What you need to do — Below are entries; output exactly the lines from the one with "而项目整体建筑布局随河蜿蜒,高低错落的建筑形态也契合了江南水乡的水韵特色。" to the one with "跨境爆款四叶草防水女士手表手链女款时尚新款小众轻奢石英女表 投诉", both included, and nothing else.

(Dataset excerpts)
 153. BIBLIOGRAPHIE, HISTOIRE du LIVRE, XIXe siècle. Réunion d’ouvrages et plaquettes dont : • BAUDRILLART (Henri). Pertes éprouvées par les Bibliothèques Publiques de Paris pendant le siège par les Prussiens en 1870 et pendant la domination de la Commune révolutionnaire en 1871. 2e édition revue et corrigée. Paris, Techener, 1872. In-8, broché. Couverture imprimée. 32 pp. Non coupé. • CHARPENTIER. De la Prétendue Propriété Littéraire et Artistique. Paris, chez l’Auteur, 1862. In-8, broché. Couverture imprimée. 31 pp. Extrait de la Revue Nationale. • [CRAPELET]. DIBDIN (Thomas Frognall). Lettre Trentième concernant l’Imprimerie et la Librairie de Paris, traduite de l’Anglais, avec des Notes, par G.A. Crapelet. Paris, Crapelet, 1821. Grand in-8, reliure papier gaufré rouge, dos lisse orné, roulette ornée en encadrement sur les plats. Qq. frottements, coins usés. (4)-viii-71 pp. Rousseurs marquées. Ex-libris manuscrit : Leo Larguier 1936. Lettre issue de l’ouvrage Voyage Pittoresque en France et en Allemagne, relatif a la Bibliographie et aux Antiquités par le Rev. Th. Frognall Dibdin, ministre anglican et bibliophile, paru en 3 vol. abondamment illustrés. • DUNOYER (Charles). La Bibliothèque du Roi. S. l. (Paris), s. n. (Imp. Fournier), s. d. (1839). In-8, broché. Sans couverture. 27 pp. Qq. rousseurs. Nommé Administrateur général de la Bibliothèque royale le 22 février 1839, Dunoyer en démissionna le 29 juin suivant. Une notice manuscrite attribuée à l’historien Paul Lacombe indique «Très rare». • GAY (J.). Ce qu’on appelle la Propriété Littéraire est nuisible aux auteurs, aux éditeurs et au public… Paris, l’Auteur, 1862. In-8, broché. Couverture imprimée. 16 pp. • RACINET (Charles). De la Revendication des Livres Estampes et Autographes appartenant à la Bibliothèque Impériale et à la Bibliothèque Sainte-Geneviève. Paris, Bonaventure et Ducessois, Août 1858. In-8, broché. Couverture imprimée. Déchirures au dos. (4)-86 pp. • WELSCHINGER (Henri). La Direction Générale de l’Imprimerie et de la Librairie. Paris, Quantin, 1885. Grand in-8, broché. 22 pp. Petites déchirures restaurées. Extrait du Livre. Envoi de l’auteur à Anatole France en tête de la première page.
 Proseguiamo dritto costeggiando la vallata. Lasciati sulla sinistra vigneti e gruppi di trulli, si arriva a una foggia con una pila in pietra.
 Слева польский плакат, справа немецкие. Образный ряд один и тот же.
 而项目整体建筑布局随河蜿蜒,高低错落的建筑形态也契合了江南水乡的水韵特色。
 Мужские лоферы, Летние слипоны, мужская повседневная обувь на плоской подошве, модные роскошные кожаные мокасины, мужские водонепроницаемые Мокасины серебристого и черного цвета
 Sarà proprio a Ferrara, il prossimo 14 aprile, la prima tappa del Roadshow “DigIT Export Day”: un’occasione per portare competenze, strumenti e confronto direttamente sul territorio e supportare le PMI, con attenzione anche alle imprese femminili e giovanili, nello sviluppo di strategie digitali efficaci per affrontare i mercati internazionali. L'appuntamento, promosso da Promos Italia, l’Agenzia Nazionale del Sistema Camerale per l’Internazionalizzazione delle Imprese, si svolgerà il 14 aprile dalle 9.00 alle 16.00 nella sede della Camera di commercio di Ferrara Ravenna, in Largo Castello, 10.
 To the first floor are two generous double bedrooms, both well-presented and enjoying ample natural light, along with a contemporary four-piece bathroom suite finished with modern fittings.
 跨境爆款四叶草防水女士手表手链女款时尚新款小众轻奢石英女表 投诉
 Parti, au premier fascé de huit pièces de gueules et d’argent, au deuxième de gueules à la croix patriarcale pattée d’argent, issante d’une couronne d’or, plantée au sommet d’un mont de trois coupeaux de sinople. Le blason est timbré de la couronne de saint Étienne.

The completed task —
 而项目整体建筑布局随河蜿蜒,高低错落的建筑形态也契合了江南水乡的水韵特色。
 Мужские лоферы, Летние слипоны, мужская повседневная обувь на плоской подошве, модные роскошные кожаные мокасины, мужские водонепроницаемые Мокасины серебристого и черного цвета
 Sarà proprio a Ferrara, il prossimo 14 aprile, la prima tappa del Roadshow “DigIT Export Day”: un’occasione per portare competenze, strumenti e confronto direttamente sul territorio e supportare le PMI, con attenzione anche alle imprese femminili e giovanili, nello sviluppo di strategie digitali efficaci per affrontare i mercati internazionali. L'appuntamento, promosso da Promos Italia, l’Agenzia Nazionale del Sistema Camerale per l’Internazionalizzazione delle Imprese, si svolgerà il 14 aprile dalle 9.00 alle 16.00 nella sede della Camera di commercio di Ferrara Ravenna, in Largo Castello, 10.
 To the first floor are two generous double bedrooms, both well-presented and enjoying ample natural light, along with a contemporary four-piece bathroom suite finished with modern fittings.
 跨境爆款四叶草防水女士手表手链女款时尚新款小众轻奢石英女表 投诉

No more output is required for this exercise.